Star Wars: The Rise of Skywalker looks set to finally pay off The Last Jedi's divisive Canto Bight scenes. Rian Johnson's The Last Jedi was a marked departure for the Star Wars franchise and deliberately toyed with the audience's expectations in instances such as the final lightsaber battle and Snoke's sudden demise. The Last Jedi attracted a partisan reaction, and while some enjoyed this vastly different take on the traditional Star Wars format, others felt that Johnson's film was a betrayal of what had come before. Perhaps the most derided element of The Last Jedi were the scenes set on the Canto Bight casino planet, and even some of the film's supporters reserved criticism for this particular storyline.

The Resistance's Finn and Rose Tico head out into space to find a master hacker who can stop the First Order tracking the good guys' dwindling fleet of ships. Although they find their man in Benicio del Toro's DJ, the mission is a failure and the hacker sells out his new friends, revealing the Resistance's evacuation to Crait in exchange for his freedom.
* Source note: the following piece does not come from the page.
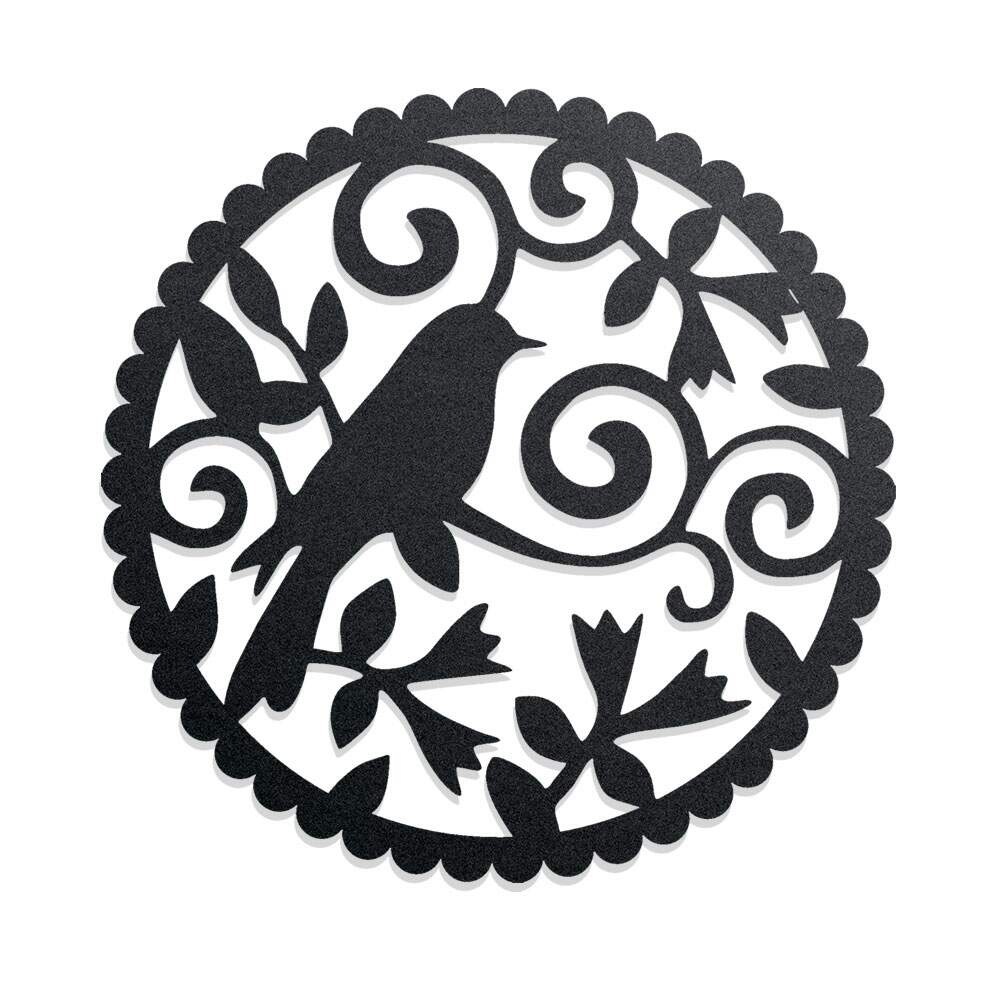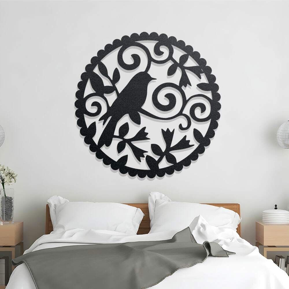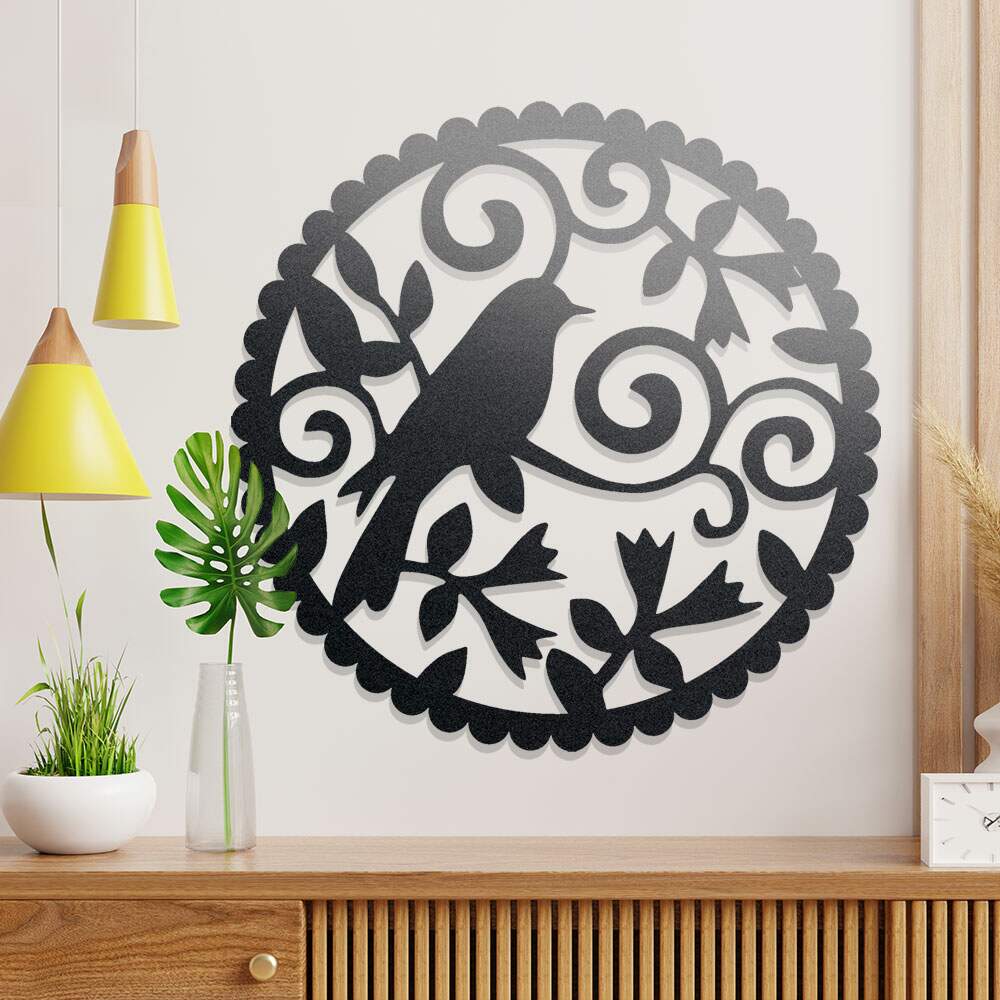 Quadro Decorativo Vazado Redondo Pássaro Arabesco

This final sting is the only way in which the Canto Bight material has a telling impact on the plot, as without DJ's interference, the Resistance might've been able to elude their pursuers. Other than that, Canto Bight is certainly visually impressive, but does very little to push the plot forward considering how much time is spent there.

Related: Canto Bight Belonged In The Star Wars Prequels

Fortunately, The Rise of Skywalker will give Canto Bight a far deeper significance. In the recently released final trailer for Star Wars 9, it becomes clear that ordinary citizens of the galaxy have started to join the Resistance in numbers. There's Poe's "good people will fight if we lead them" line, the image of a bolstered Resistance force sitting around listening to Lando and the dramatic shot of the Millennium Falcon leading a mismatch of assorted ships that have allied to the Resistance's cause. This development finally pays off the Canto Bight story from The Last Jedi.

Broom Boy in Star Wars The Last Jedi

The fights between the Rebel Alliance and the Empire, or the Resistance and the First Order, mostly take place in a bubble. The opposing forces of good and evil will usually fight in space, inside a Death Star, or on a remote planet such as Hoth, Endor or Crait. This trope removes their heroic struggle from the everyday lives of people in the galaxy. Although the Canto Bight criticism might've been justified in the context of The Last Jedi as a standalone film, it succeeded in bringing the work of the Resistance to the very people they strive to protect. Finn and Rose smash up the opulent casino, free the fathiers from captivity and inspire the children being forced to work the stables, leaving the youngsters with a heroic impression of the Resistance and the Jedi.

Although it may not have affected The Last Jedi's story in any significant fashion, seeing the interplay between the Resistance and the wider Star Wars population directly sets up why ordinary people suddenly start siding with the good guys in The Rise of Skywalker. The Rebels, Resistance and Jedi have always been an isolated bunch, only ever teaming up with others on an ad hoc basis, such as the Ewoks in Return of the Jedi or the Wookies in the prequel trilogy. They've never managed to inspire the mass social uprising that one might expect when faced with the tyranny of the Empire and its offshoots, and it would've been jarring to see everyday folk signing up to fight in The Rise of Skywalker if the change in public mood hadn't already been foreshadowed by the Canto Bight scenes in The Last Jedi.